### Your instructions
Restate the data below word for word. Skip any images it contains.

### Available data
---
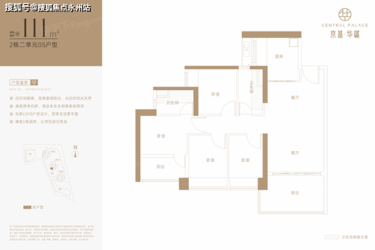 111㎡的3房2厅2卫:仅2栋2单元05户型才有,设计的是经典竖厅格局,LDKB一体化,动静分区,四开间朝南,U型厨房,卫生间干湿分离,得房率约73%(不含赠送),阳台西南朝向。
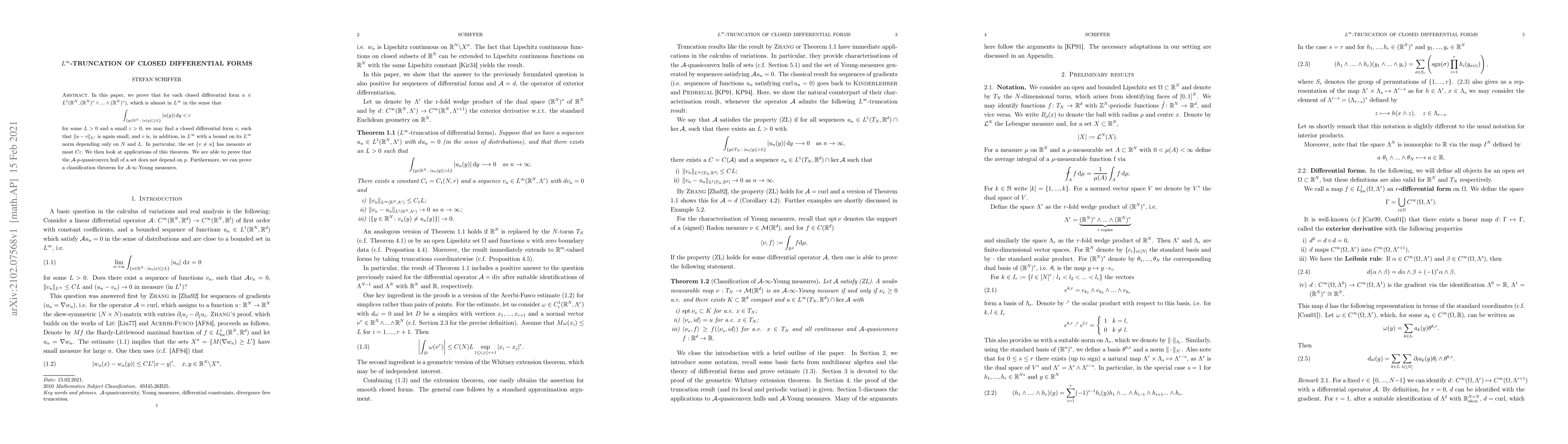 This paper proves that a nearly $L^ ext{infty}$-bounded closed differential form can be approximated by another closed form in $L^ ext{infty}$ with minimal error, allowing for classification theorems and applications to quasiconvex hulls and Young measures.
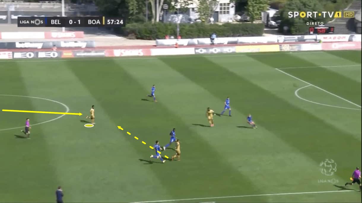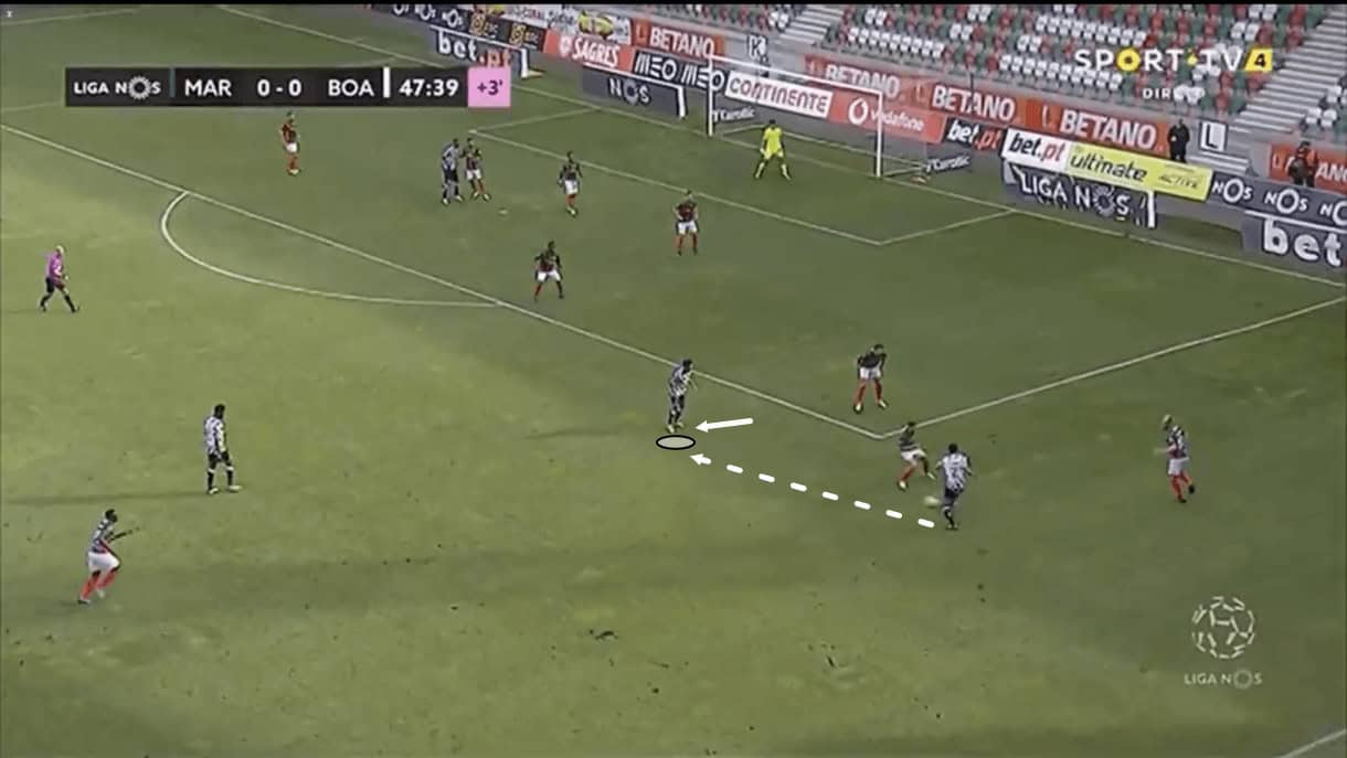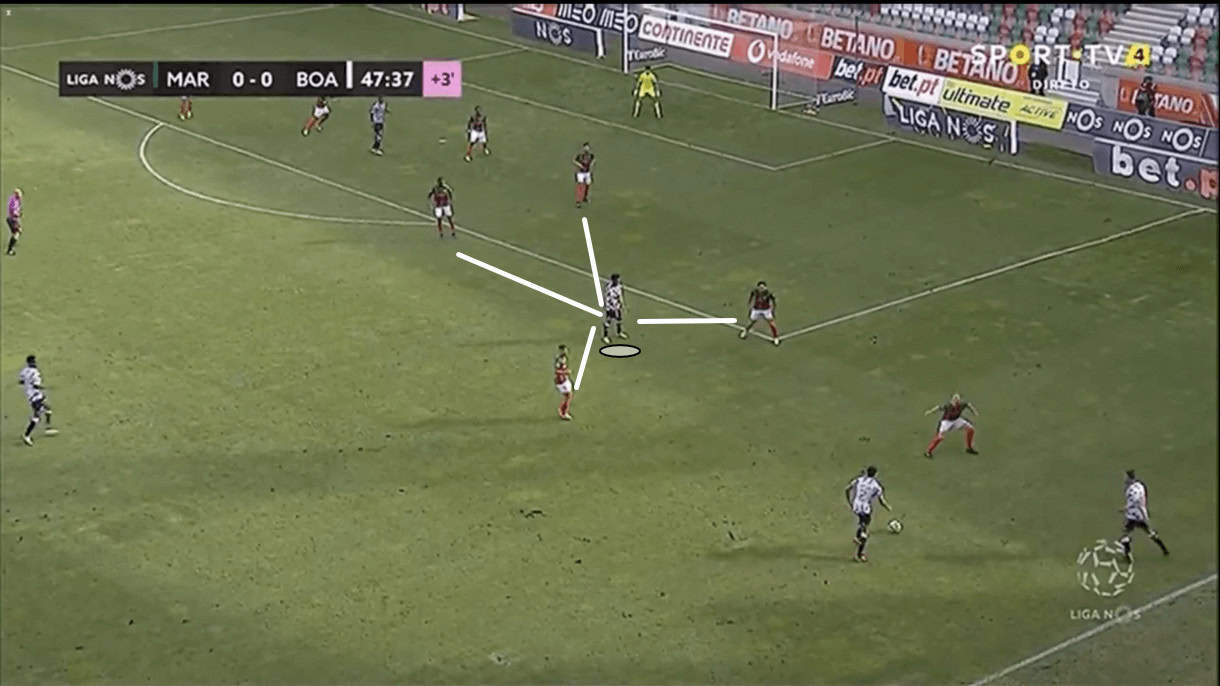It’s worth noting, however, that while the Boavista attacker presses the opposition right-back here, he ensures to angle his run to cut off the passing lane between the full-back and the right-sided central midfielder that he’s been covering the whole time.
---
### Expected output
 111㎡的3房2厅2卫:仅2栋2单元05户型才有,设计的是经典竖厅格局,LDKB一体化,动静分区,四开间朝南,U型厨房,卫生间干湿分离,得房率约73%(不含赠送),阳台西南朝向。
 This paper proves that a nearly $L^ ext{infty}$-bounded closed differential form can be approximated by another closed form in $L^ ext{infty}$ with minimal error, allowing for classification theorems and applications to quasiconvex hulls and Young measures.
It’s worth noting, however, that while the Boavista attacker presses the opposition right-back here, he ensures to angle his run to cut off the passing lane between the full-back and the right-sided central midfielder that he’s been covering the whole time.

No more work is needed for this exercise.